The magnetic field inside a current carrying toroidal solenoid is B. What will the magnetic field be if the radius and current are doubled.

Answer 1

Solution

The magnetic field inside a current-carrying toroidal solenoid is given by the formula:

$B = \mu_0 n I$

where:

$B$ is the magnetic field strength
$\mu_0$ is the permeability of free space
$n$ is the number of turns per unit length along the circumference of the toroid
$I$ is the current flowing through the solenoid

The initial magnetic field is given as $B$ . So, $B = \mu_0 n I$ .

The question states that the current ( $I$ ) is doubled, meaning the new current $I' = 2I$ . The radius ( $R$ ) is also doubled, meaning the new radius $R' = 2R$ .

In problems of this nature, unless specified otherwise, it is generally assumed that the number of turns per unit length ( $n$ ) remains constant.
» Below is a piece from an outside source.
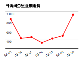生成圖表以后,可實(shí)時(shí)任意調整時(shí)間范圍。默認生成的趨勢圖不僅會(huì )顯示每一個(gè)單位節點(diǎn)(小圓圈),也會(huì )顯示每一個(gè)單位節點(diǎn)的訪(fǎng)問(wèn)量數據(如下圖)。如果不需要這些圖標,可點(diǎn)擊頁(yè)面中的相應復選框,將選項取消即可。

If $n$ is constant, then the magnetic field is directly proportional to the current $I$ .

Let's calculate the new magnetic field $B'$ :

$B' = \mu_0 n I'$

Substitute $I' = 2I$ :

$B' = \mu_0 n (2I)$

$B' = 2 (\mu_0 n I)$

Since the initial magnetic field $B = \mu_0 n I$ , we can substitute this into the equation for $B'$ :

$B' = 2B$

Therefore, if the current is doubled and the number of turns per unit length remains constant, the magnetic field inside the toroidal solenoid will also double. The change in radius does not affect the magnetic field if $n$ is constant.